Exactly a year after her divorce, Nayantara, the protagonist of Shunali Khullar Shroff’s new novel, The Wrong Way Home, is en route to the income tax department when she finds out that her ex-husband has married a much younger social media influencer. “The dust hasn’t yet settled on the grave of our marriage, and he’s found himself another wife?” she asks, visibly outraged. “Do people have no morals?”
Turning to social media for answers leaves her even more miserable as she encounters her “ex aboard a yacht grinning at his new bride, with the unbroken Pacific blue of honeymoon brochures in the back”. The somewhat shallow, decidedly catty, and yet refreshingly real Nayantara clarifies that while she is “not jealous or anything”, she isn’t exactly thrilled with the news.
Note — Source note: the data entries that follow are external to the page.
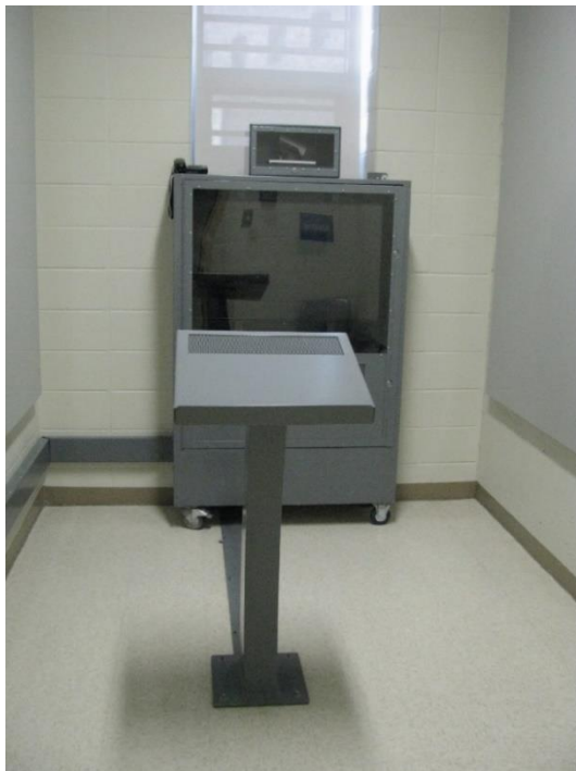
Salle de visioconférence

Largeur : 7' 7" ou 2,35 m Profondeur : 11' 8" ou 3,60 m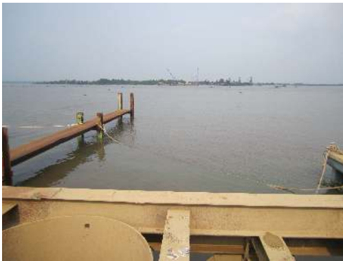
ロンタン橋が架かるドンナイ川の建設状況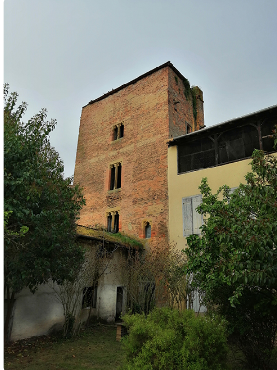
Sauvegarde de la Tour de Rohan et son jardin

A couple of meltdowns later, she makes a promise to herself. “He can have his perfect little wedding. I’m going to build an empire for myself.”
Except, of course, life never really works out like that. Nayantara continues to fumble through her days, making more than her fair share of mistakes and nurturing intensely complicated relationships with nearly everybody who forms a part of her world, including her narcissistic ex Jay, idealistic mother Kalpana, token gay bestie Rishi, a longstanding female frenemy Anjali, and some painful clients at the flailing PR agency she runs.